Start of THE INPUT

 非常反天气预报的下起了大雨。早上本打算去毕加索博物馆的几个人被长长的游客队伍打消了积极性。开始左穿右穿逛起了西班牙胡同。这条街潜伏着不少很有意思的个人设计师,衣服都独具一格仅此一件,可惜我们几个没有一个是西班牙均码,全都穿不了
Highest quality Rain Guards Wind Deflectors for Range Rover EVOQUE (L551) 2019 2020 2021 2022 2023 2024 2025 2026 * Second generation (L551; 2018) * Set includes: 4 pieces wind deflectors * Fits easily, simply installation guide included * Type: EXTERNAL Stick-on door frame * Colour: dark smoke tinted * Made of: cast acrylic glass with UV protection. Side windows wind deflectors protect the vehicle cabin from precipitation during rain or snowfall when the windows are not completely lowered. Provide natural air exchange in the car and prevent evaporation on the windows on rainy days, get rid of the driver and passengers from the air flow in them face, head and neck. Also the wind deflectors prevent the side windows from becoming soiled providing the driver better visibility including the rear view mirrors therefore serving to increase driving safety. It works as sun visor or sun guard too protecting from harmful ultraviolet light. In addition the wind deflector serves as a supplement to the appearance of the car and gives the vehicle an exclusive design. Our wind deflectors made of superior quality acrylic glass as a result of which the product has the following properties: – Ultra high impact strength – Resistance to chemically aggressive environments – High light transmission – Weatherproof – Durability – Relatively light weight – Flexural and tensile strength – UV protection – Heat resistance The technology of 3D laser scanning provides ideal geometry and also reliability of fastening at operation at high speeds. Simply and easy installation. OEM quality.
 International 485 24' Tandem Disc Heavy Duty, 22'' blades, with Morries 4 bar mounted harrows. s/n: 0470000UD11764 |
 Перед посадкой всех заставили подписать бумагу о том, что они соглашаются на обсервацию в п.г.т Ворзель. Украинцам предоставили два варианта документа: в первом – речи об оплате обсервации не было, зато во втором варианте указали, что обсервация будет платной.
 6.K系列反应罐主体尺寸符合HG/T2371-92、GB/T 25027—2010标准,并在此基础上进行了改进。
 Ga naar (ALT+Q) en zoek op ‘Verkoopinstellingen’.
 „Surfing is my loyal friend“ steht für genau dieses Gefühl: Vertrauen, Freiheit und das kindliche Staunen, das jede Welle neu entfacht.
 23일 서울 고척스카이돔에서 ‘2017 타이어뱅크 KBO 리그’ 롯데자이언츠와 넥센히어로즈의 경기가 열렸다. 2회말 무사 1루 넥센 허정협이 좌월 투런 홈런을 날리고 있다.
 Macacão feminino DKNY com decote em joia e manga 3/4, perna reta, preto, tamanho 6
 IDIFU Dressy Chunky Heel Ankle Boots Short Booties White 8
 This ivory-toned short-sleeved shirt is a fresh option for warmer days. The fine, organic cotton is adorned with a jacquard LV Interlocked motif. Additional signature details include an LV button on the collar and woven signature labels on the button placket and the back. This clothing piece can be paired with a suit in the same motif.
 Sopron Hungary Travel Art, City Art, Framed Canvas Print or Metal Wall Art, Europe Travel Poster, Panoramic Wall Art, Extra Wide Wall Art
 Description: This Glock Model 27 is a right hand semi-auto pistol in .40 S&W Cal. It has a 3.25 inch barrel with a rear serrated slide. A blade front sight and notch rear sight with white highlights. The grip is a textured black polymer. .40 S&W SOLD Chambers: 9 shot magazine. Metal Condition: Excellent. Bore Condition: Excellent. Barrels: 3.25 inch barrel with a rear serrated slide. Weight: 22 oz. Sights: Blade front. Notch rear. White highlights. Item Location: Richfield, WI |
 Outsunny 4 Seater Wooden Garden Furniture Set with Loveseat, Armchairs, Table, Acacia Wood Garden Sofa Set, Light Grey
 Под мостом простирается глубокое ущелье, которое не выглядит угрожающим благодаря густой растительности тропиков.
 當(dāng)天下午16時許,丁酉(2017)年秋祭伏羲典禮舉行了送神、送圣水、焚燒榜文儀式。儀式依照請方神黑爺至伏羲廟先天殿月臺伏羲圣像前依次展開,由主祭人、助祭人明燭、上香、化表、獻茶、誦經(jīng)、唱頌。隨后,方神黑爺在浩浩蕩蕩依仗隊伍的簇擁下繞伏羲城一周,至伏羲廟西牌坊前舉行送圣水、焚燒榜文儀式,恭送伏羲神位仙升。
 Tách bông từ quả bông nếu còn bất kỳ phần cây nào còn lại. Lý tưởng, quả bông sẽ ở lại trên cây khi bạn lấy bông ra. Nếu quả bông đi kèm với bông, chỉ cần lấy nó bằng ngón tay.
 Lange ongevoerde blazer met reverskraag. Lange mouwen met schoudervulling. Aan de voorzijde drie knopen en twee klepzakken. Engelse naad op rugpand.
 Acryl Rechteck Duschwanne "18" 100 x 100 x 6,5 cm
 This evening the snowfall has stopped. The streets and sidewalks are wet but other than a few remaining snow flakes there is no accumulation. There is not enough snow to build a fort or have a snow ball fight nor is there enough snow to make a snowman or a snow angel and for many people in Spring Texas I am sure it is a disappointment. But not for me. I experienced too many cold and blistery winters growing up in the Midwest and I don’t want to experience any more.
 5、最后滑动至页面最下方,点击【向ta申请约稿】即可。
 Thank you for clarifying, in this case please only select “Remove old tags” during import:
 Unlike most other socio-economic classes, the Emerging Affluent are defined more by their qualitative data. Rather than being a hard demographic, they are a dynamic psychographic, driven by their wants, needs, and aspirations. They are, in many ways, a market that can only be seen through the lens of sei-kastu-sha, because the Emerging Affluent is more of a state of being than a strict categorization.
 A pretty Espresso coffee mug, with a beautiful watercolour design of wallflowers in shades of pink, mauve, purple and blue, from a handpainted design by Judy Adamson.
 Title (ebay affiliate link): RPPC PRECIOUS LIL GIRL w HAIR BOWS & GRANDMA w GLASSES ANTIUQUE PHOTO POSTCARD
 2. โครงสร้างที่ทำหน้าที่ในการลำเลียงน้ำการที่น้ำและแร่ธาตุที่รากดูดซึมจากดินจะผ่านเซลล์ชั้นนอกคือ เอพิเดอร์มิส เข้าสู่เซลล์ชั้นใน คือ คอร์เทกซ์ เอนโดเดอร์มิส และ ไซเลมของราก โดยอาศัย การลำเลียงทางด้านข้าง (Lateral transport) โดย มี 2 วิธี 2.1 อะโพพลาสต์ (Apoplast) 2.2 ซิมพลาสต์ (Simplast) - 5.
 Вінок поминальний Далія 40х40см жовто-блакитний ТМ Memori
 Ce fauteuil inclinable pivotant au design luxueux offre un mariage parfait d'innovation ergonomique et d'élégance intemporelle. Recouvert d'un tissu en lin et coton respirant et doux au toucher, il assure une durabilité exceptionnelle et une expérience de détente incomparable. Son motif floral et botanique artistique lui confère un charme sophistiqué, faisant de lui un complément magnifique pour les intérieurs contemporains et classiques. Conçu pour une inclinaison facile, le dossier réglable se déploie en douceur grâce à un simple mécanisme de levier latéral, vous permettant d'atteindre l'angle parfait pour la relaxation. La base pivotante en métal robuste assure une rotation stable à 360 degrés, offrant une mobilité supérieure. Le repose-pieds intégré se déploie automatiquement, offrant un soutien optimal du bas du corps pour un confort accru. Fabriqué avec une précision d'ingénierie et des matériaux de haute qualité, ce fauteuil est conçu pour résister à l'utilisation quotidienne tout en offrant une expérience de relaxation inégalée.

End of THE INPUT

EXERCISE AIM: The answer is every entry, copied word for word.

TASK RESULT:
 非常反天气预报的下起了大雨。早上本打算去毕加索博物馆的几个人被长长的游客队伍打消了积极性。开始左穿右穿逛起了西班牙胡同。这条街潜伏着不少很有意思的个人设计师,衣服都独具一格仅此一件,可惜我们几个没有一个是西班牙均码,全都穿不了
Highest quality Rain Guards Wind Deflectors for Range Rover EVOQUE (L551) 2019 2020 2021 2022 2023 2024 2025 2026 * Second generation (L551; 2018) * Set includes: 4 pieces wind deflectors * Fits easily, simply installation guide included * Type: EXTERNAL Stick-on door frame * Colour: dark smoke tinted * Made of: cast acrylic glass with UV protection. Side windows wind deflectors protect the vehicle cabin from precipitation during rain or snowfall when the windows are not completely lowered. Provide natural air exchange in the car and prevent evaporation on the windows on rainy days, get rid of the driver and passengers from the air flow in them face, head and neck. Also the wind deflectors prevent the side windows from becoming soiled providing the driver better visibility including the rear view mirrors therefore serving to increase driving safety. It works as sun visor or sun guard too protecting from harmful ultraviolet light. In addition the wind deflector serves as a supplement to the appearance of the car and gives the vehicle an exclusive design. Our wind deflectors made of superior quality acrylic glass as a result of which the product has the following properties: – Ultra high impact strength – Resistance to chemically aggressive environments – High light transmission – Weatherproof – Durability – Relatively light weight – Flexural and tensile strength – UV protection – Heat resistance The technology of 3D laser scanning provides ideal geometry and also reliability of fastening at operation at high speeds. Simply and easy installation. OEM quality.
 International 485 24' Tandem Disc Heavy Duty, 22'' blades, with Morries 4 bar mounted harrows. s/n: 0470000UD11764 |
 Перед посадкой всех заставили подписать бумагу о том, что они соглашаются на обсервацию в п.г.т Ворзель. Украинцам предоставили два варианта документа: в первом – речи об оплате обсервации не было, зато во втором варианте указали, что обсервация будет платной.
 6.K系列反应罐主体尺寸符合HG/T2371-92、GB/T 25027—2010标准,并在此基础上进行了改进。
 Ga naar (ALT+Q) en zoek op ‘Verkoopinstellingen’.
 „Surfing is my loyal friend“ steht für genau dieses Gefühl: Vertrauen, Freiheit und das kindliche Staunen, das jede Welle neu entfacht.
 23일 서울 고척스카이돔에서 ‘2017 타이어뱅크 KBO 리그’ 롯데자이언츠와 넥센히어로즈의 경기가 열렸다. 2회말 무사 1루 넥센 허정협이 좌월 투런 홈런을 날리고 있다.
 Macacão feminino DKNY com decote em joia e manga 3/4, perna reta, preto, tamanho 6
 IDIFU Dressy Chunky Heel Ankle Boots Short Booties White 8
 This ivory-toned short-sleeved shirt is a fresh option for warmer days. The fine, organic cotton is adorned with a jacquard LV Interlocked motif. Additional signature details include an LV button on the collar and woven signature labels on the button placket and the back. This clothing piece can be paired with a suit in the same motif.
 Sopron Hungary Travel Art, City Art, Framed Canvas Print or Metal Wall Art, Europe Travel Poster, Panoramic Wall Art, Extra Wide Wall Art
 Description: This Glock Model 27 is a right hand semi-auto pistol in .40 S&W Cal. It has a 3.25 inch barrel with a rear serrated slide. A blade front sight and notch rear sight with white highlights. The grip is a textured black polymer. .40 S&W SOLD Chambers: 9 shot magazine. Metal Condition: Excellent. Bore Condition: Excellent. Barrels: 3.25 inch barrel with a rear serrated slide. Weight: 22 oz. Sights: Blade front. Notch rear. White highlights. Item Location: Richfield, WI |
 Outsunny 4 Seater Wooden Garden Furniture Set with Loveseat, Armchairs, Table, Acacia Wood Garden Sofa Set, Light Grey
 Под мостом простирается глубокое ущелье, которое не выглядит угрожающим благодаря густой растительности тропиков.
 當(dāng)天下午16時許,丁酉(2017)年秋祭伏羲典禮舉行了送神、送圣水、焚燒榜文儀式。儀式依照請方神黑爺至伏羲廟先天殿月臺伏羲圣像前依次展開,由主祭人、助祭人明燭、上香、化表、獻茶、誦經(jīng)、唱頌。隨后,方神黑爺在浩浩蕩蕩依仗隊伍的簇擁下繞伏羲城一周,至伏羲廟西牌坊前舉行送圣水、焚燒榜文儀式,恭送伏羲神位仙升。
 Tách bông từ quả bông nếu còn bất kỳ phần cây nào còn lại. Lý tưởng, quả bông sẽ ở lại trên cây khi bạn lấy bông ra. Nếu quả bông đi kèm với bông, chỉ cần lấy nó bằng ngón tay.
 Lange ongevoerde blazer met reverskraag. Lange mouwen met schoudervulling. Aan de voorzijde drie knopen en twee klepzakken. Engelse naad op rugpand.
 Acryl Rechteck Duschwanne "18" 100 x 100 x 6,5 cm
 This evening the snowfall has stopped. The streets and sidewalks are wet but other than a few remaining snow flakes there is no accumulation. There is not enough snow to build a fort or have a snow ball fight nor is there enough snow to make a snowman or a snow angel and for many people in Spring Texas I am sure it is a disappointment. But not for me. I experienced too many cold and blistery winters growing up in the Midwest and I don’t want to experience any more.
 5、最后滑动至页面最下方,点击【向ta申请约稿】即可。
 Thank you for clarifying, in this case please only select “Remove old tags” during import:
 Unlike most other socio-economic classes, the Emerging Affluent are defined more by their qualitative data. Rather than being a hard demographic, they are a dynamic psychographic, driven by their wants, needs, and aspirations. They are, in many ways, a market that can only be seen through the lens of sei-kastu-sha, because the Emerging Affluent is more of a state of being than a strict categorization.
 A pretty Espresso coffee mug, with a beautiful watercolour design of wallflowers in shades of pink, mauve, purple and blue, from a handpainted design by Judy Adamson.
 Title (ebay affiliate link): RPPC PRECIOUS LIL GIRL w HAIR BOWS & GRANDMA w GLASSES ANTIUQUE PHOTO POSTCARD
 2. โครงสร้างที่ทำหน้าที่ในการลำเลียงน้ำการที่น้ำและแร่ธาตุที่รากดูดซึมจากดินจะผ่านเซลล์ชั้นนอกคือ เอพิเดอร์มิส เข้าสู่เซลล์ชั้นใน คือ คอร์เทกซ์ เอนโดเดอร์มิส และ ไซเลมของราก โดยอาศัย การลำเลียงทางด้านข้าง (Lateral transport) โดย มี 2 วิธี 2.1 อะโพพลาสต์ (Apoplast) 2.2 ซิมพลาสต์ (Simplast) - 5.
 Вінок поминальний Далія 40х40см жовто-блакитний ТМ Memori
 Ce fauteuil inclinable pivotant au design luxueux offre un mariage parfait d'innovation ergonomique et d'élégance intemporelle. Recouvert d'un tissu en lin et coton respirant et doux au toucher, il assure une durabilité exceptionnelle et une expérience de détente incomparable. Son motif floral et botanique artistique lui confère un charme sophistiqué, faisant de lui un complément magnifique pour les intérieurs contemporains et classiques. Conçu pour une inclinaison facile, le dossier réglable se déploie en douceur grâce à un simple mécanisme de levier latéral, vous permettant d'atteindre l'angle parfait pour la relaxation. La base pivotante en métal robuste assure une rotation stable à 360 degrés, offrant une mobilité supérieure. Le repose-pieds intégré se déploie automatiquement, offrant un soutien optimal du bas du corps pour un confort accru. Fabriqué avec une précision d'ingénierie et des matériaux de haute qualité, ce fauteuil est conçu pour résister à l'utilisation quotidienne tout en offrant une expérience de relaxation inégalée.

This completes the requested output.